In the lead-up to London, athletes will be advised on strict infection control to prevent the spread of bugs, plus most athletes have already been screened for any cardiovascular abnormalities.

In London, as in Beijing, Dr Baquie and most other medical staff will stay in the athletes’ village, with other doctors and athletes from around the world.

“It’s pretty exciting, it’s a real buzz. It’s an amazing, multinational experience”, he says.

Dr Baquie did not begin his medical career in sports medicine, although he had always played a lot of football and cricket.

He was a rural general practitioner in Foster, in Victoria’s Gippsland region for 11 years, a job he really enjoyed. He moved back to Melbourne when his kids reached high school, and began working as a suburban GP.

“Being a GP in Melbourne was very different. I was a bit underwhelmed”, he says.

An old friend from medical school, Dr Peter Brukner, had established the Olympic Park centre, and suggested Dr Baquie try sports medicine.
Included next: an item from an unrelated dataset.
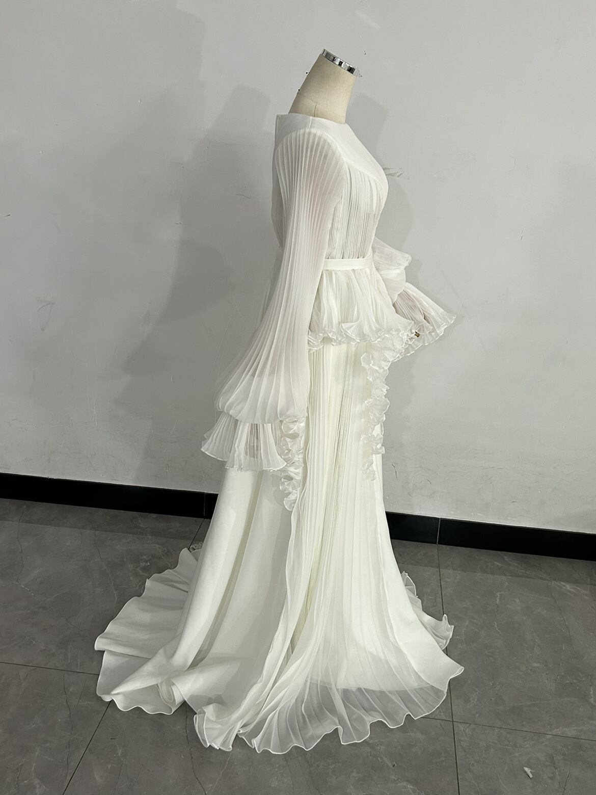 高品質! ウェディングドレス プリーツスカート ロングスリーブ ブライダル ファスナー 華やかなトレーン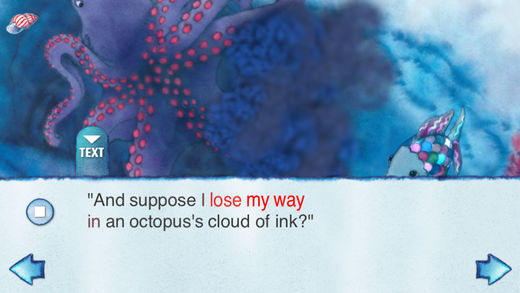 +++ Top 10 in Australia, Germany, Austria (books) +++ A new Rainbow Fish book that goes back to the beginning… meet Little Rainbow Fish! When Little Rainbow Fish can’t sleep, there’s only one thing that can help—his Mommy! Little Rainbow Fish’s mom promises to watch over him, no matter if he’s in the ink cloud of an octopus, lost in the deep blue sea, or simply having a bad dream. It works. Little Rainbow Fish is soon sound asleep. Features: * Guide the lantern fish to shine his light for the Little Rainbow Fish * Play with the underwater leaves to discover where they live * Octopus game: blow on the microphone to rescue the little one * Choose narration mode, featuring Colin Solman or read the text yourself * Read along to the highlighted words * Hear each word pronounced properly simply by touching them – ideal for learning to read! * Perfect for children age 3+

“I took the plunge and re-skilled, went through the training program when I was 40. Trying to do physiology and anatomy again was a nightmare!”

However, he loved his new specialty, and soon began combining clinical consultations with sporting team work, initially as doctor for a junior basketball team.
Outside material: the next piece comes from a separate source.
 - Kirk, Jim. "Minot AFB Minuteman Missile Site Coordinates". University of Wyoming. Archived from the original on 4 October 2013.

He later worked with the Carlton Australian Football League (AFL) club for 3 years, and then spent 7 years as doctor for the Australian men’s hockey team, culminating in their gold-medal performance at the Athens Olympics in 2004.

After Athens, he decided to return to football, and has spent the past 8 years as team physician with the Hawthorn AFL club.

He successfully applied for the Olympic medical director role in 2006 and now manages his working life between his Melbourne practice, Hawthorn team physician role and Olympic responsibilities.

Dr Baquie says he loves the “diagnostic challenge” of sports medicine, regardless of whether he is looking after an amateur or Olympic athlete.

He also enjoys the responsibility of making the judgement call about whether an athlete should keep playing.

“When is a guy safe enough to return to the field? What happens if you push physiology a little? I enjoy living on the edge a bit”, he says.

He enjoys the multidisciplinary approach, where he works with allied health professionals including psychologists and physiotherapists, as well as non-health staff such as coaches.

Dr Baquie also loves the “peripheral” aspects of sports medicine; the camaraderie of working with a sporting team and the excitement of the Olympic Village.

“I’ve been incredibly lucky, going from being a small-time country GP, to now travelling the world with sports teams … it’s been a very fortunate and special journey”, he says.